Public health registries play a key role in our understanding of health outcomes resulting from exposure to an event, disaster or hazardous agent. Registries collect and maintain data to facilitate actionable research, monitor health outcomes in exposed populations, and serve as a communication channel to provide valuable information and resources to affected communities. Events that have prompted the creation of registries include the atomic bombings of Hiroshima and Nagasaki, the Three Mile Island accident, the Chernobyl disaster, the Oklahoma City Bombing, and the 2001 attacks on the World Trade Center [14,15,16,17,18]. The US Department of Veteran Affairs and Department of Defense also maintain several registries to monitor the health of veterans exposed to hazardous substances during military service [19].
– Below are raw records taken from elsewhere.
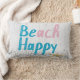 Strand glücklich oder glücklich Text mit Seestern in nautischen Netzwerk auf weißem Holz Hintergrund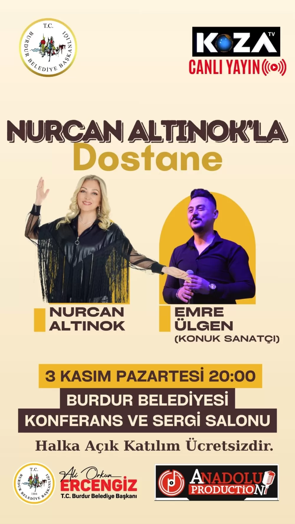 Serinin ilk programı “Nurcan Altınok’la Dostane”, 3 Kasım Pazartesi akşamı saat 20.00’de izleyiciyle buluşacak. Programda sevilen sanatçı Nurcan Altınok, samimi sohbetleri ve canlı performanslarıyla müzikseverlere unutulmaz bir gece yaşatacak.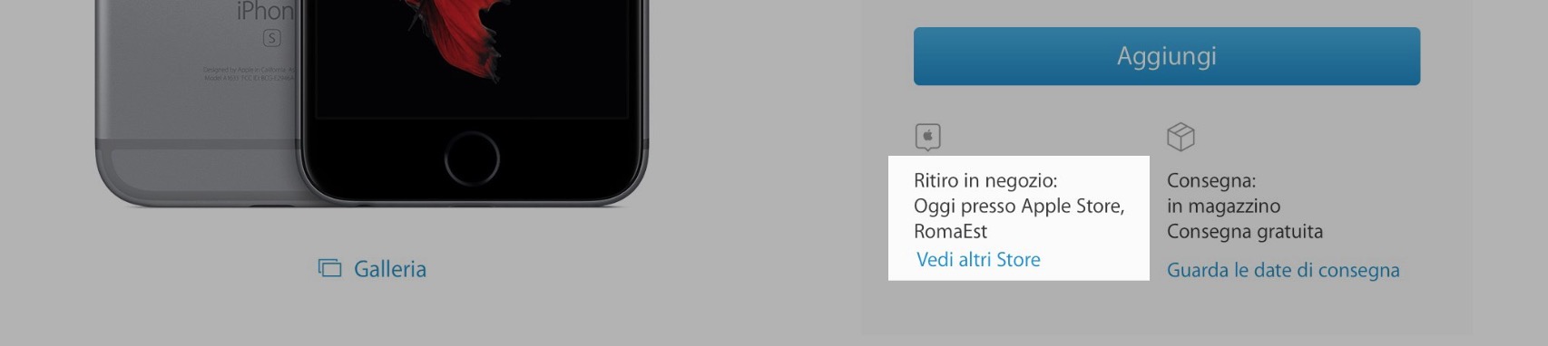 Se invece è già stato selezionato un Apple Store in precedenza, sulle pagine di prodotto apparirà l’indirizzo scelto. E’ comunque possibile cliccare su “Vedi altri Store” per verificare la disponibilità per il ritiro presso un altro negozio.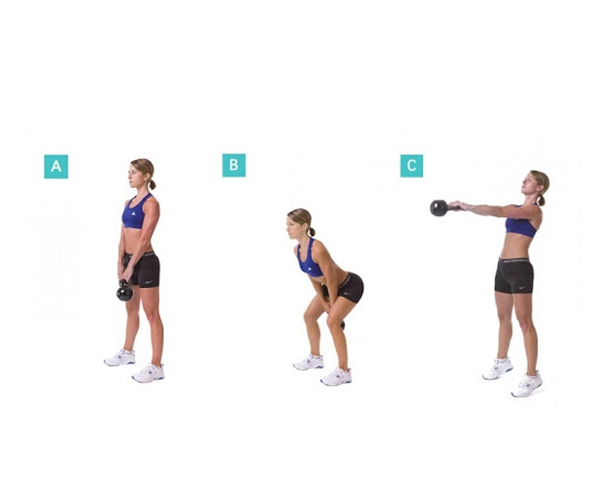 - Trong động tác 1 này, người tập đứng ở tư thế hai bàn chân rộng hơn hông một chút và giữ tạ kettlebell bằng hai tay trên vai. Đẩy và hạ hông ra sau vào tư thế ngồi xổm Cùng lúc, đẩy gót chân vào tư thế đứng và đẩy thẳng cánh tay lên quá đầu Sau đó, người tập sẽ ngồi xổm khi hạ tạ xuống vai trái .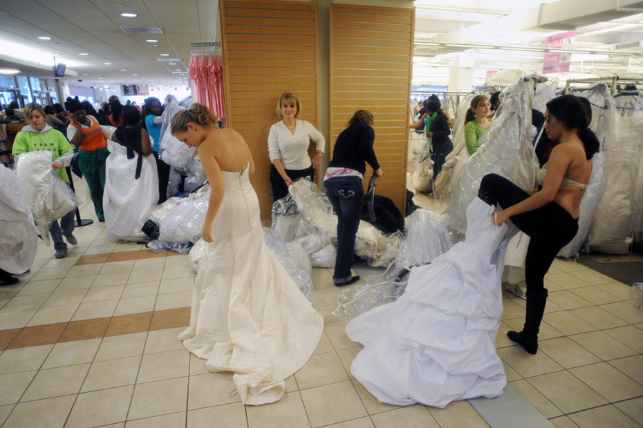近日,美國紐約一年一度的“新娘快跑”婚紗促銷活動舉行。千余名來自全美各地的準新娘和親朋好友,早早就在門口等候,平時上千美元婚紗只需要五分之一的價格就能帶回家。圖片來源:中國新聞網(wǎng)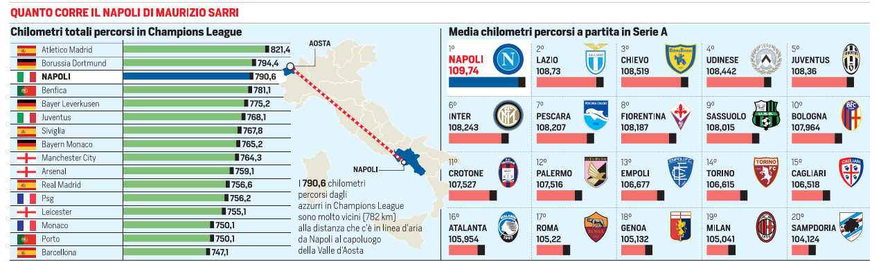 L’edizione odierna del Corriere dello Sport, analizza le squadre che corrono di più. Il Napoli risulta quella che ha messo nelle gambe più chilometri. Ecco i dettagli: “è il calcio del Napoli, che se lo prende tutto, segna da diciotto partite di campionato, e non solo: mette assieme quattordici risultati consecutivi in serie A.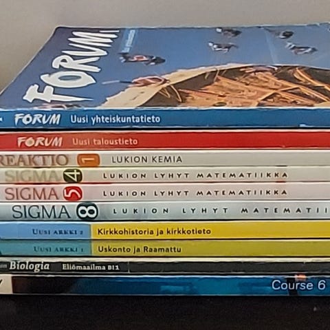 Myydään käytetyt lukiokirjat. Suurin osa on hyvässä kunnossa, mutta matikan kirjoissa on enemmän kulumajälkiä. Saattaa olla joissakin vähän merkintöjä.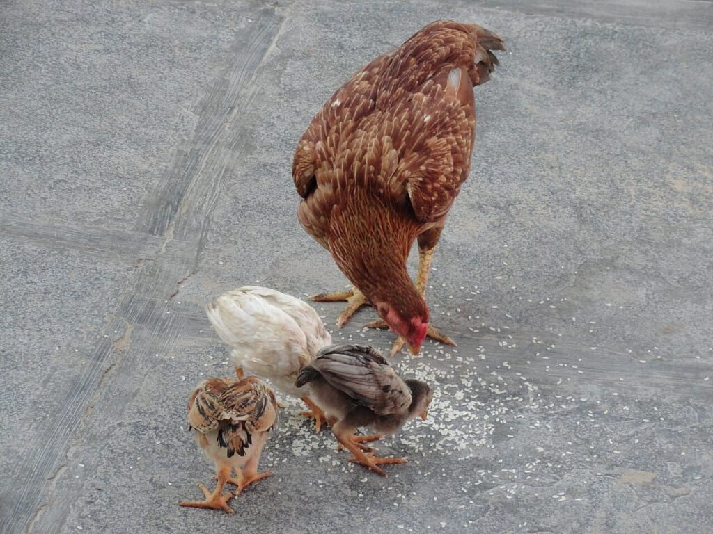 ఆరోజుల్లో ప్రతి ఇంటిలోను కోళ్లు వుండేవి. వాటిని రాత్రు లందు భద్ర పరచడానికి గూళ్లు, గంపలు వంటివి వుండేవి. ఈ ఇళ్లలో వందలాది కోళ్లు పెంచే వారు కాదు. పది, పదిహేను కోళ్లు వుంటే ఎక్కువ. ఇవన్నీ దేశవాళి కోళ్లు. అనగా నాటు కోళ్లు. వాటికి ప్రత్యేకించి మేత వేయ నవసరం లేదు.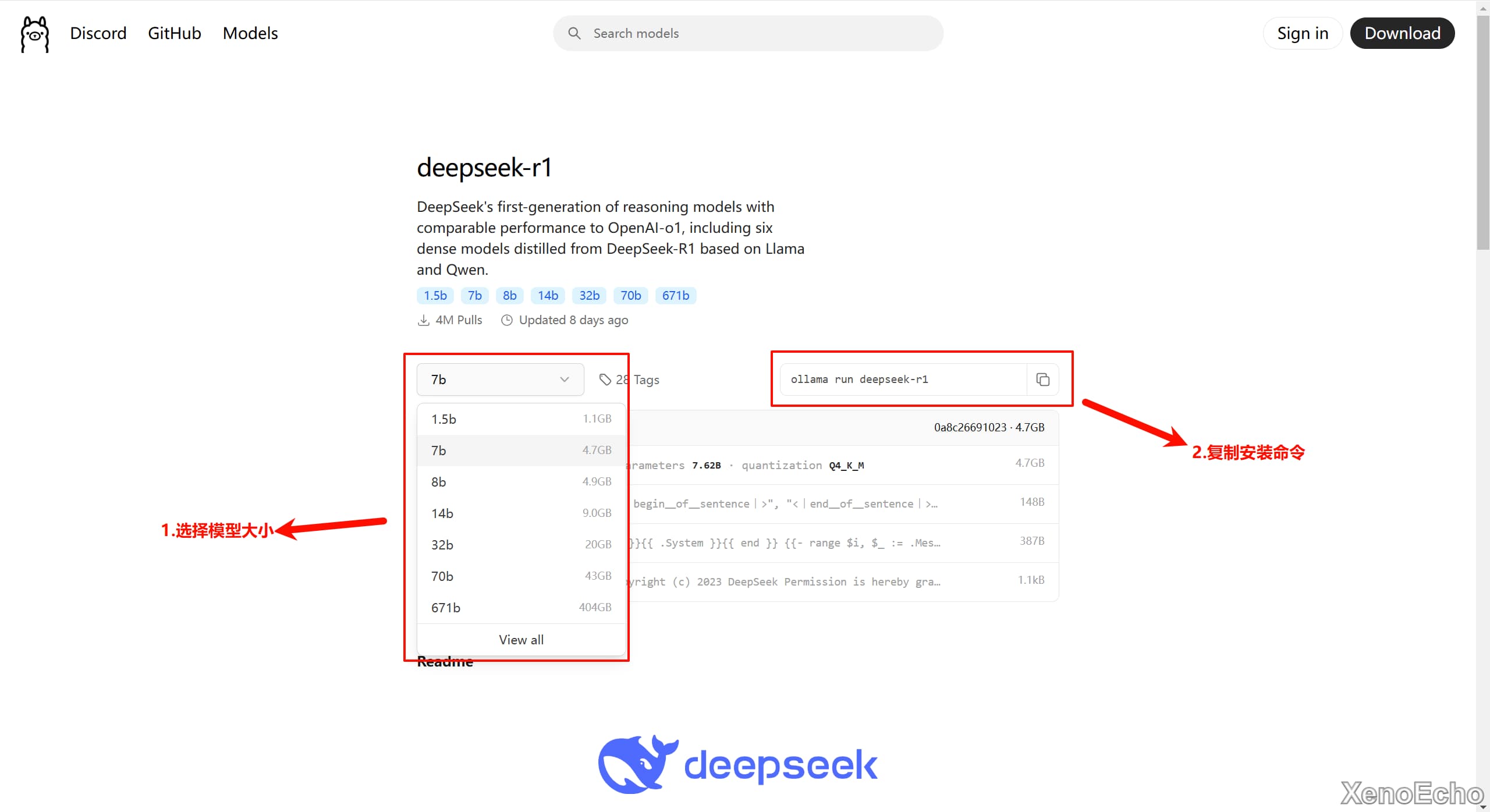 - 选择模型大小。正常情况下根据自己的显卡显存选择,比如显存8G就选择8B的模型

The World Trade Center Health Registry (WTCHR) is the largest registry in the US to track the health effects of a disaster or exposure and is perhaps the most well-known of all the registries [20, 21]. The WTCHR has been instrumental in our understanding of the long-term health outcomes of 9/11 including causal relationships between exposure to toxic smoke, dust, and debris and long-term health outcomes like asthma and other lung diseases [22]. In addition, the WTCHR has identified long-term mental health impacts including post-traumatic stress disorder (PTSD) [23, 24]. These findings helped create new policies that provide medical benefits to individuals directly impacted by the attacks [25]. The WTCHR also informs clinical guidelines and planning for future emergencies.

The scope and scale of Harvey, along with the clear lessons learned from the WTCHR, called for an innovative approach to understanding the environmental health and housing risks in the aftermath of the storm. With advice and guidance from New York colleagues, we launched the Hurricane Harvey Registry, a community health and housing registry, in April 2018. The registry is unique in its timeliness (e.g., the WTCHR was launched two years after 9/11) and start as a grassroots initiative between academia, local public health agencies, and community stakeholders. Often registries are managed through central government agencies, and the time between event or exposure and the start of data collection is too long to capture short-term effects [26]. Because of the flexibility built into the backend of the Hurricane Harvey Registry, we were able to launch surveys related to the May 2019 and Tropical Storm Imelda (September 2019) flooding events within weeks. Because of our desire to be broadly responsive to storms and flooding events, we renamed the Hurricane Harvey Registry as the “Texas Flood Registry.”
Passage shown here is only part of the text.